🤖 AI Summary
Zero-shot 3D object classification suffers from significant domain shift between synthetic LiDAR data and real-world sparse, noisy scans, severely limiting generalization in open-vocabulary settings. To address this, we propose a curriculum-based cross-domain fusion framework. First, we construct the first large-scale, real-scene point cloud–image–text triplet dataset. Second, we design a multimodal pretraining architecture that jointly leverages contrastive learning and curriculum learning to align point clouds, images, and text across domains.
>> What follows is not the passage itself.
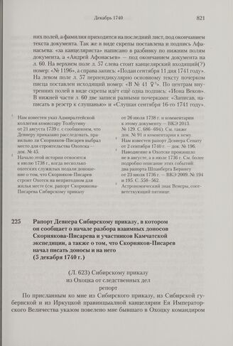 Рапорт Девиера Сибирскому приказу, в котором он сообщает о начале разбора взаимных доносов Скорнякова-Писарева и участников Камчатской экспедиции, а также о том, что Скорняков-Писарев начал писать доносы и на него. 5 декабря 1740 г. // РГАДА. Ф. 248. Оп. 21. Кн. 1361. Л. 623-626.

Our core innovation lies in synergistically integrating the semantic richness of synthetic data with the domain fidelity of real data, thereby mitigating domain gap and enhancing zero-shot transferability. On nuScenes, our method achieves 46.2% zero-shot accuracy—outperforming the prior state-of-the-art by 19.3 percentage points. It also attains new state-of-the-art results on outdoor benchmarks such as TruckScenes, demonstrating strong effectiveness and generalization under complex real-world conditions.
📝 Abstract
Zero-shot 3D object classification is crucial for real-world applications like autonomous driving, however it is often hindered by a significant domain gap between the synthetic data used for training and the sparse, noisy LiDAR scans encountered in the real-world. Current methods trained solely on synthetic data fail to generalize to outdoor scenes, while those trained only on real data lack the semantic diversity to recognize rare or unseen objects.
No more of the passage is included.